Mon réseau de recrutement atteint l’Europe. Joie.
Sarah est d’accord et elle annonce qu’elle doit partir dès maintenant, sans perdre de temps. Quelle rapidité dans ce départ, vous trouvez pas que ça cache quelque chose? Mais bon, on a tous nos petits secrets… Donc, une fois qu’elle es parti en m’embrassant sur la joue au préalable, je rentrai de nouveau dans la baraque de ma recrue et lui tins un peu près le même discours qu’avec Sarah.
_On va continuer à s’amuser, essaye de recruter des personnes comme nous.
Un demi-sourire narquois se peint sur son visage.
_Et je les trouve où, je dois arpenter les asiles?
Je secoue la tête en signe de négation.
_Ils viendront à toi.
Et sur ce, je m’éclipse, le laissant seul avec trois tasses de café encore fumantes. Je suis parti dans le but de revenir durant une semaine ou deux dans mon endroit que je pourrais dire natal, c’est à dire mon ancien squat. Voir de nouveau Loran.
Et dès que celui-ci me vit revenir, il me sauta carrément dessus, le visage éclairé par la joie. On aurait dit un chien faisant honneur à son maître lorsque celui-ci revient chez lui. Loran m’expliqua que je tombais au bon moment car la municipalité avait décidé de faire évacuer le squat et de le raser afin de construire un HLM sur les restes. Bien sur, mes amis n’allaient pas se laisser faire. Ils étaient prêt à tout pour empêcher les forces de l’ordre de les évacuer, quitte à utiliser des barres de fer. Le projet d’évacuation était prévu pour demain, autant vous dire que l’ambiance était assez chargé de stress.
Juste avant que nous allions nous coucher, je pris Loran dans un coin. Je lui expliquai alors que je le voulais à mes côtés pour une mission. Je lui montrai alors le plan du bâtiment que j’avais pour but de faire exploser.

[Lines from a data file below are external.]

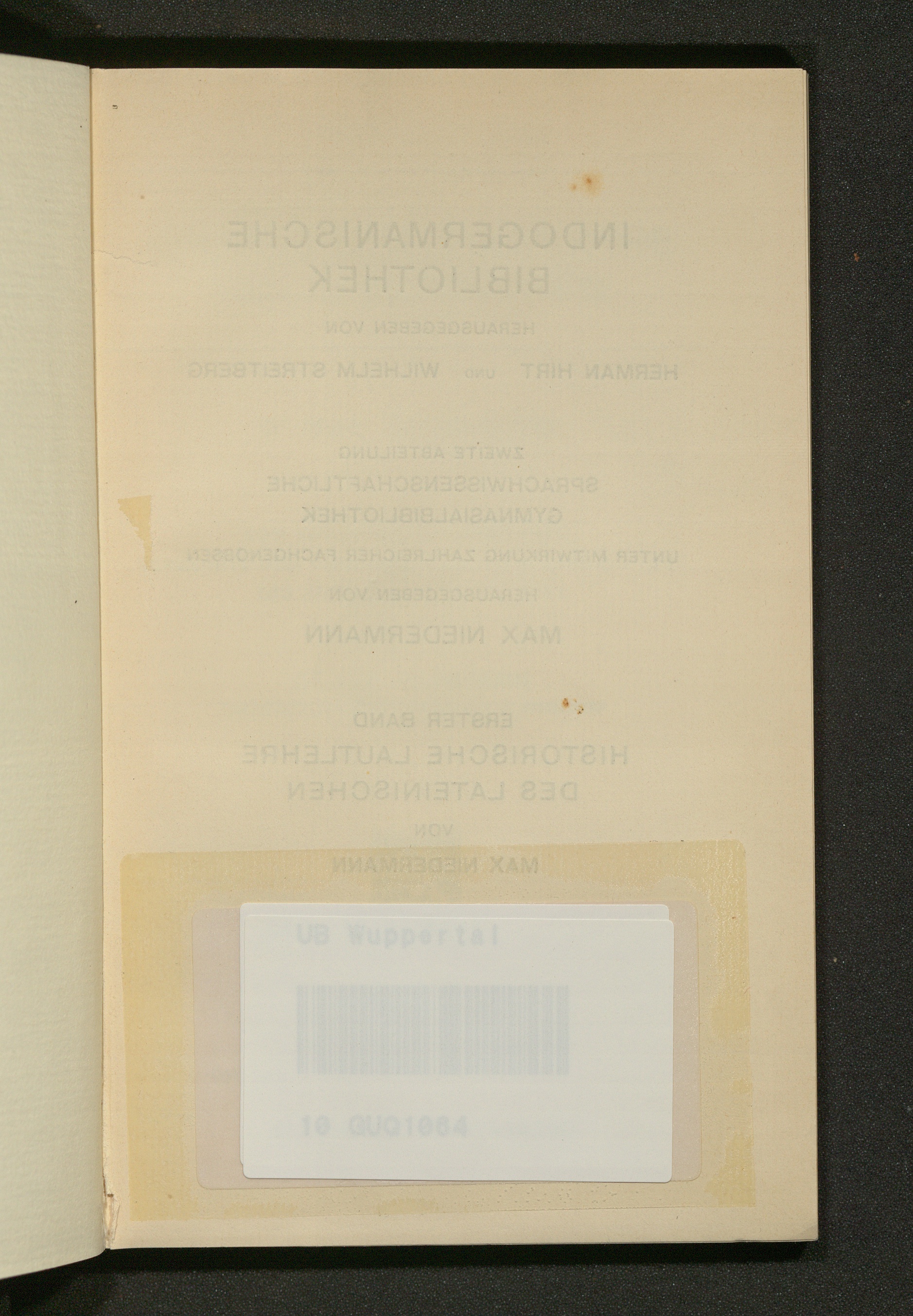 Historische Lautlehre des Lateinischen / von Max Niedermann. Vom Verf. durchges., verm. und verb. dt. Bearb. des franz. Orig. von Ed. Hermann
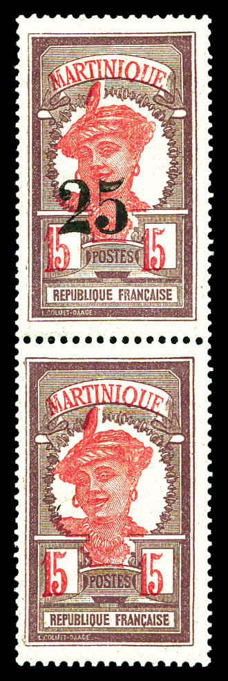 N°85, 25c s 15c: surchargé tenant à sans surcharge (surcharge à sec). TTB (certificat) Qualité: ** (Image)
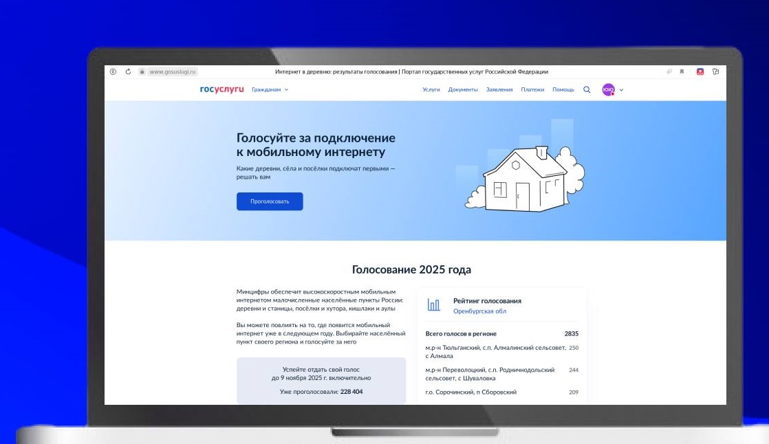 До 9 ноября жители Оренбургской области могут проголосовать за малочисленные деревни и сёла, где в следующем году появится высокоскоростной мобильный интернет по федеральной программе «Устранение цифрового неравенства (УЦН 2.0)». Её цель — обеспечить связью населённые пункты с численностью от 100 до 1000 человек.
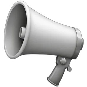 A detailed megaphone with a metallic body and glossy red cone emoji
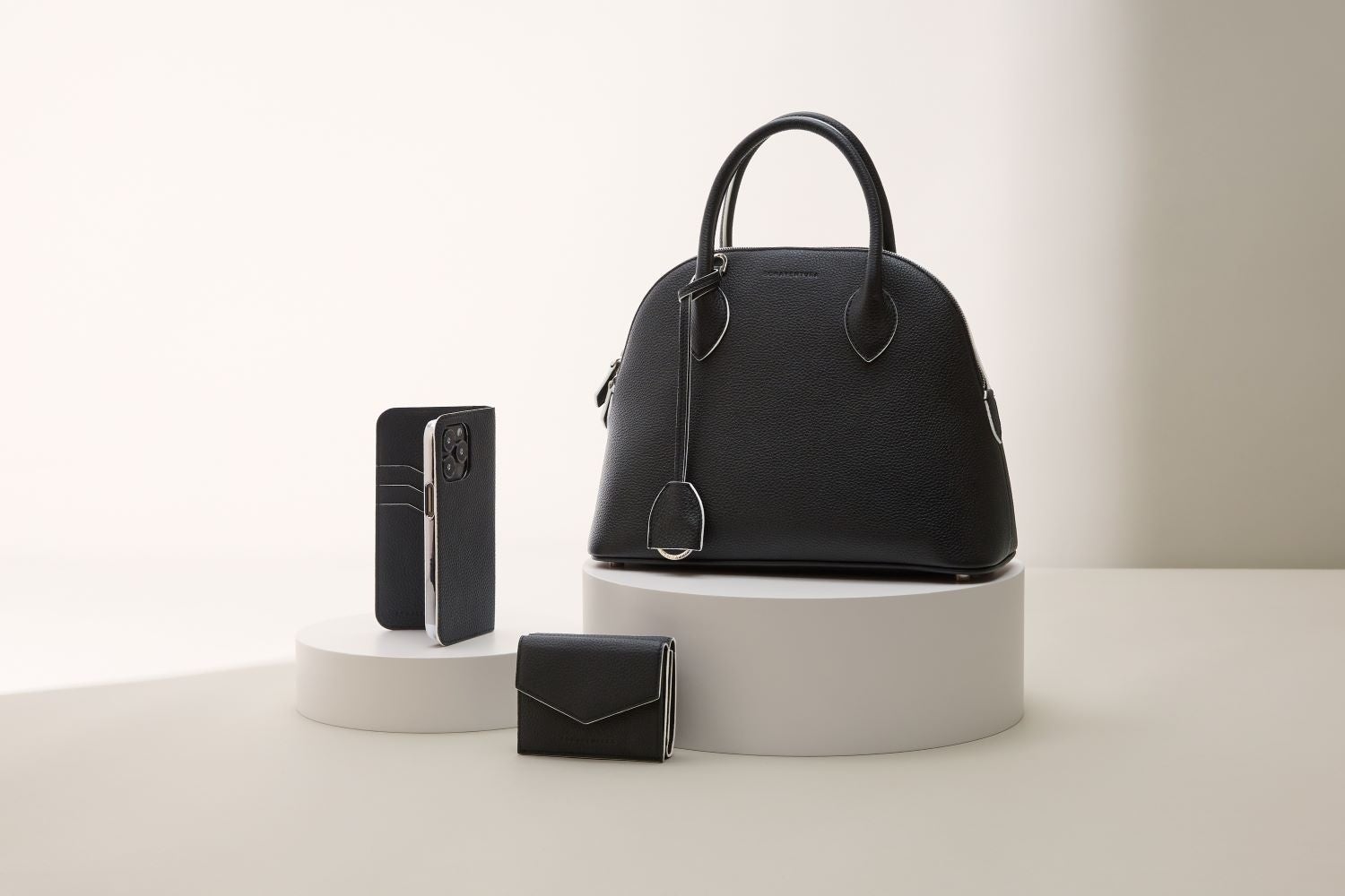 ブラックシュリンクレザーに熟練した職人の手仕事でホワイトエッジペイントを施した、シンプルながらもアクセントの効いたコレクションで、バッグ3型、ウォレット4型、iPhoneケース2型の全9型を展開いたします。

Lorsqu’il s’aperçut de quoi il s’agissait, il fit pratiquement un bond en arrière.
_Putain, t’es cinglé, tu vas quand même pas faire sauter ça!
Je lui répondis qu’il le fallait, que je n’avais pas d’autre solution, que cela se jouait sur mon honneur.
_Mais c’est un acte terroriste!
Il est vrai, mais bon, c’est ma mission, je ne dois pas échouer. Loran, lui, semble déboussolé. Il secouait la tête en ruminant des choses incompréhensibles. Puis il leva son regard vers moi et me dit:
_Non, désolé, je ne peux pas. Ça sera sans moi… désolé…
A ce moment là, je le méprisai et j’étais vraiment en colère contre lui. Après tout ce que j’avais fait pour Loran, il refuse de m’aider en retour. Je suis déçu, très très déçu par son comportement. Et il peut être sur que pour demain, mon aide, il ne l’aura pas non plus. Qu’il se débrouille seul.
J’allais me coucher à même le sol du salon, en pensant à tout ce que j’avais fait dans ce lieu et ses alentours. Demain, le squat sera rasé, et au vu du souvenir amer que me laisse la traîtrise de Loran, je ne compte rien faire pour les aider. Non, rien. Loran, tu m’as trahi alors que je t’avais enseigné les codes de l’honneur, tu ne mérites que mon dédain, plus jamais je ne t’aiderais, plus jamais. Jamais… Je te hais…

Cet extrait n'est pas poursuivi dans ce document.